3 марта 351 года свершилось мое посвящение в таинства Митры. В тот день я наблюдал восход солнца, а также его закат, приняв при этом необходимые меры предосторожности, так как Констанций запретил возносить солнцу молитвы, и с той поры вездесущие соглядатаи и доносчики хватали даже тех, кто просто любовался солнечным закатом.

Екиволию я сказал, что собираюсь денек поохотиться на горе Пион. Поскольку он терпеть не мог охоту, я был уверен, что он со мной не пойдет. Так и получилось: он процитировал Гомера, я процитировал Горация, он - Виргилия, а я - Феокрита и так далее, пока мы вдвоем не перебрали почти все, что великие написали за и против охоты.

Было еще одно препятствие - моя охрана.

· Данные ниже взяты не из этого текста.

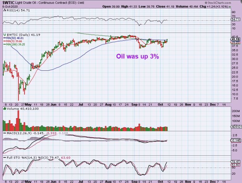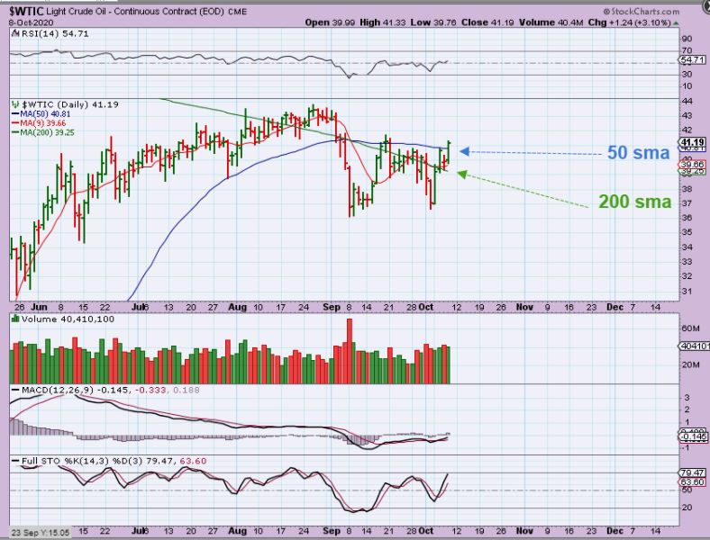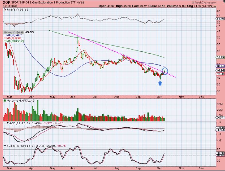 You can see that it has not only closed above the 200 sma, but also closed above the 50 sma. If Oil continues higher, this is a bullish set up.  What about the Oil stocks that we have been discussing?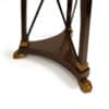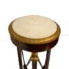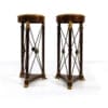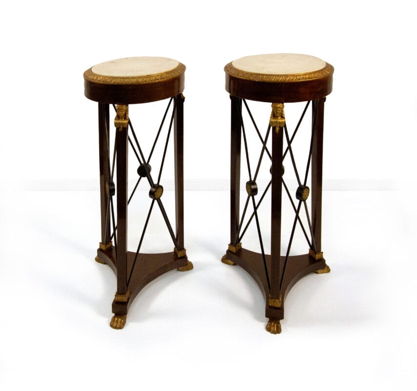 Coppia di gueridon in mogano, di gusto Impero, inizio XX secolo, piano circolare in marmo bianco con ciglio dorato a palmette su cintura diritta; montanti quadrangolari con attacco ad erma muliebre dorata, sottili traverse a X centrate da rosetta e piano di base su piedi a zampa leonina, cm 103×43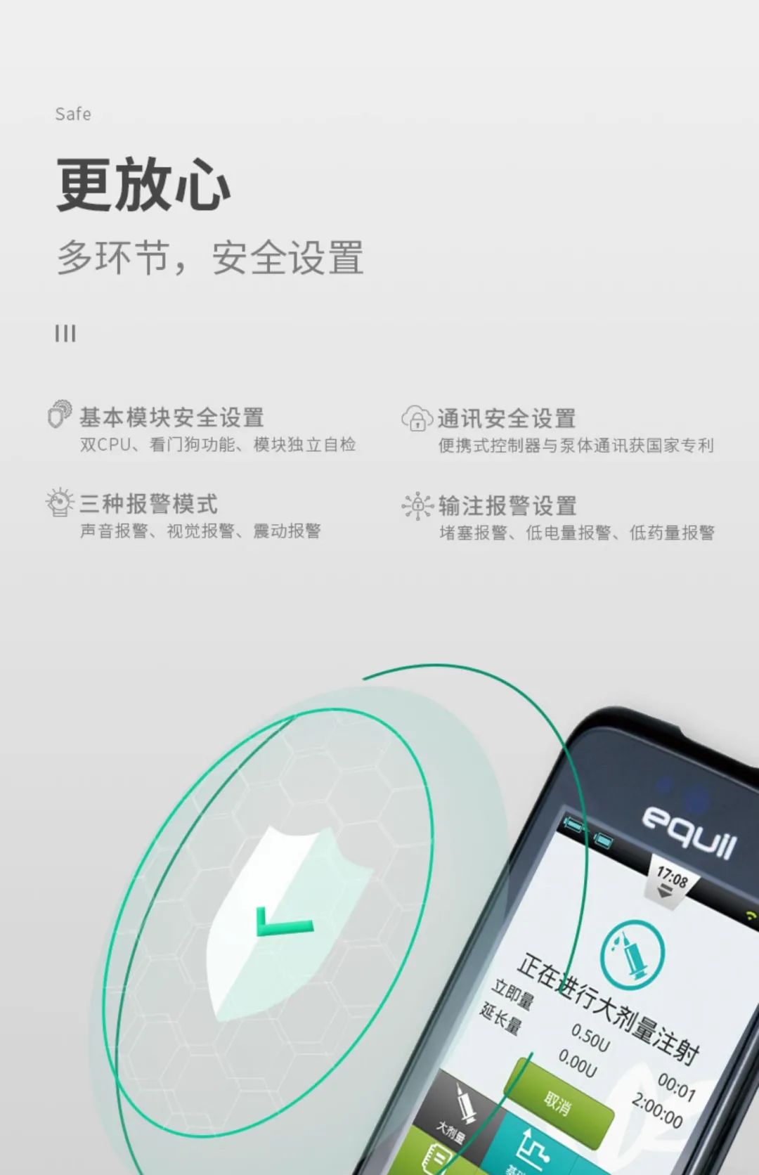 微泰在设计生产医疗器械时,始终把产品安全性摆在第一位,始终以负责任的态度为用户身体健康服务。为此从多个维度加入不同级别的安全设置,考虑可能出现的不同情况,比如堵塞、低电量、低药量等情况发出警报预警,同时在警报预警时考虑到不同人群对警报模式的喜好和方便程度,又设置了声音报警、视觉报警、震动报警。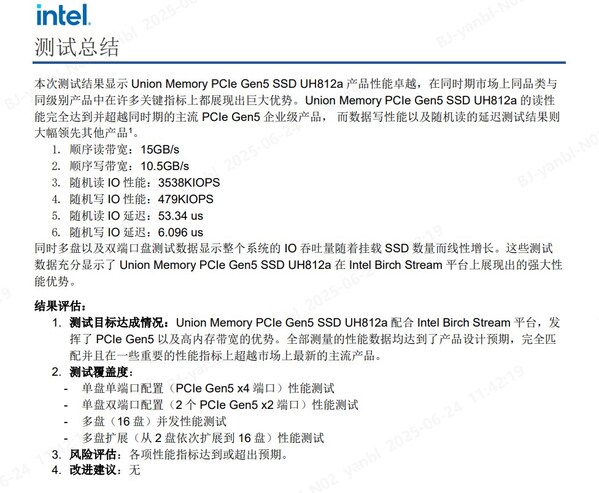 测试结果表明,UH812a产品性能卓越,全面达成且超出设计目标。其在关键性能指标上显著领先于同代际主流竞品,充分释放了PCIeGen5高速总线和平台内存带宽的性能潜力。

Ко мне был приставлен офицер с двенадцатью солдатами, - они и составляли, так сказать, мой "двор", и не менее двух из них неотступно следовали за мною повсюду. Как быть с ними? И тут меня надоумил Максим: поскольку митраизм - религия, широко распространенная среди солдат, это означает, что хотя бы двое из охраны наверняка окажутся митраистами, - решил он и оказался прав: пятеро из двенадцати оказались нашими единоверцами. Я без труда сумел устроить так, что в день посвящения оба моих охранника были из этой пятерки, а все братья по Митре связаны обетом молчания.

Мы с Оривасием и солдатами вышли из дома за час до рассвета. У подножия горы нас встретили Максим и девятеро отцов. В глубоком молчании мы поднялись по склону и остановились у назначенного места - там, где росла смоковница. Здесь мы дожидались восхода солнца.

И вот настала утренняя заря. Небо бледнело, над нами зажглась голубая Венера, и темные тучи расступились. В тот самый миг, когда над горизонтом показался край солнца, первый его луч упал на скалу как раз за нашей спиной, и меня сразу осенило: это была не обычная скала, а дверь, вход в подземелье. Мы вознесли молитвы солнцу и его спутнику Митре, нашему спасителю.

Когда солнце наконец поднялось над горизонтом, Максим открыл дверь и мы вошли в небольшую пещеру со скамьями, вытесанными в скале. Нам с Оривасием велели подождать, а отцы удалились в другую пещеру - внутреннее святилище. Так начался самый знаменательный день в моей жизни - день меда, хлеба и вина, день семи ворот и семи планет, день паролей и отзывов, день молитвы, а в конце концов (после Ворона, Невесты, Воина, Льва, Перса, Посланника Солнца и Отца) день Нама Нама Себезио.

Либаний: Изо всех таинств, кроме разве что элевсинских, наибольшее впечатление производят митраистские, так как по мере того как совершаются эти таинства, ты все более и более отрешаешься от земной суеты. На каждой из семи ступеней посвященный испытывает то, что когда-нибудь испытает его душа, когда будет подниматься по семи небесным сферам и избавляться от пороков, свойственных человеческой природе. В сфере Ареса душа лишается воинственности, в сфере Зевса - тщеславия, в сфере Афродиты - плотских вожделений и так далее - до полного очищения. И тогда… Но здесь я умолкаю. Нама Нама Себезио!